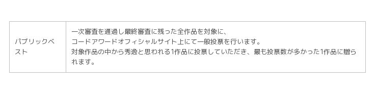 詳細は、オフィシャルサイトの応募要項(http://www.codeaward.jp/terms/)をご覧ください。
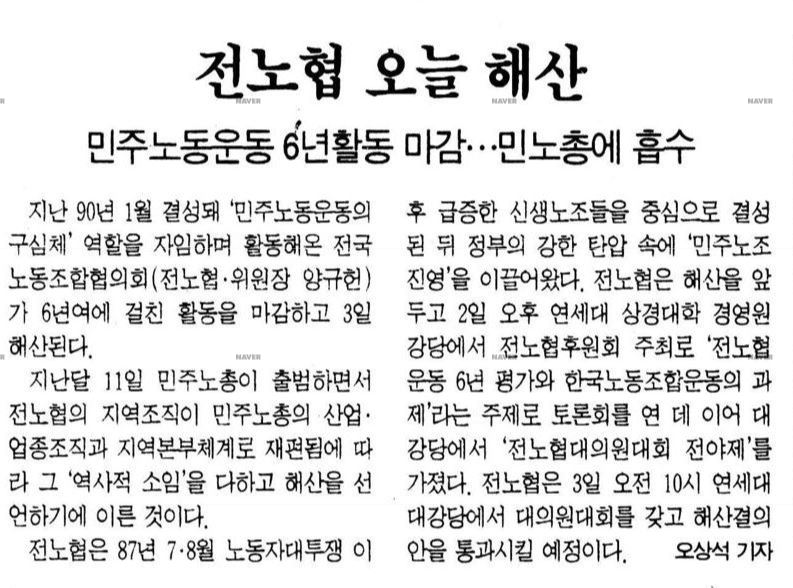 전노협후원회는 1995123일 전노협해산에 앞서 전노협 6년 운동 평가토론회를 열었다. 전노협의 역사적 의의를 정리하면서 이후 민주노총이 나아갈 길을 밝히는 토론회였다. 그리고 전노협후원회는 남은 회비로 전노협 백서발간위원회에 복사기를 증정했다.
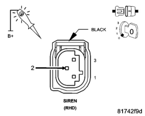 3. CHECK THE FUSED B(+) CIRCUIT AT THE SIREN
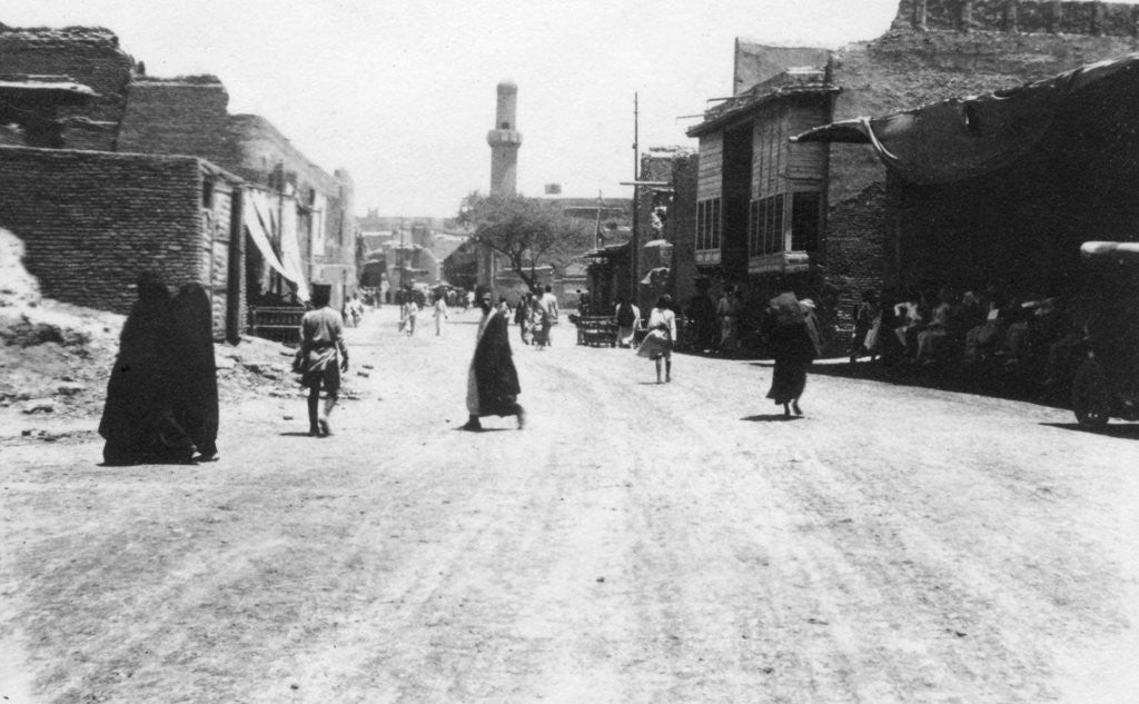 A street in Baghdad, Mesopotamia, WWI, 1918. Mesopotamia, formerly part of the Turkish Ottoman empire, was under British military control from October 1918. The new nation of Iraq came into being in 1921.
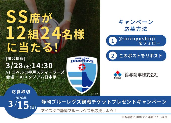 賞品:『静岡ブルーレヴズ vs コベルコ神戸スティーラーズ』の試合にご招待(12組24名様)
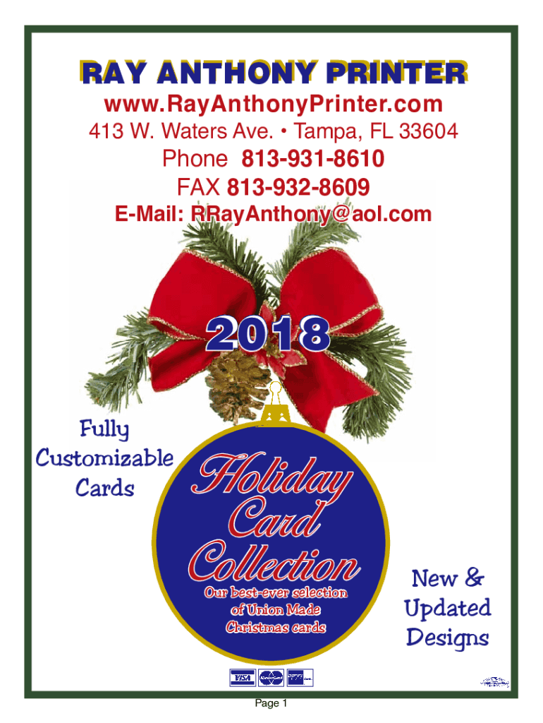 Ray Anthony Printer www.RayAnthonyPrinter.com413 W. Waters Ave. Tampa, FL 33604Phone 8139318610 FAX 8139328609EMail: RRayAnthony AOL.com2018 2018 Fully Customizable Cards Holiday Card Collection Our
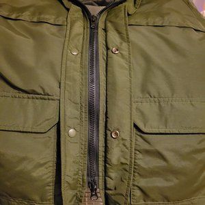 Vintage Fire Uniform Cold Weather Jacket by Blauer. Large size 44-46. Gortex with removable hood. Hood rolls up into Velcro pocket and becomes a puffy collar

------------------------------------------------

**What the task asks**
The line containing "3. CHECK THE FUSED B(+) CIRCUIT AT THE SIREN" and every line after it, through the end of the material above, are to be printed exactly; no pictures belong in the output.

**Solution below**
 3. CHECK THE FUSED B(+) CIRCUIT AT THE SIREN
 A street in Baghdad, Mesopotamia, WWI, 1918. Mesopotamia, formerly part of the Turkish Ottoman empire, was under British military control from October 1918. The new nation of Iraq came into being in 1921.
 賞品:『静岡ブルーレヴズ vs コベルコ神戸スティーラーズ』の試合にご招待(12組24名様)
 Ray Anthony Printer www.RayAnthonyPrinter.com413 W. Waters Ave. Tampa, FL 33604Phone 8139318610 FAX 8139328609EMail: RRayAnthony AOL.com2018 2018 Fully Customizable Cards Holiday Card Collection Our
 Vintage Fire Uniform Cold Weather Jacket by Blauer. Large size 44-46. Gortex with removable hood. Hood rolls up into Velcro pocket and becomes a puffy collar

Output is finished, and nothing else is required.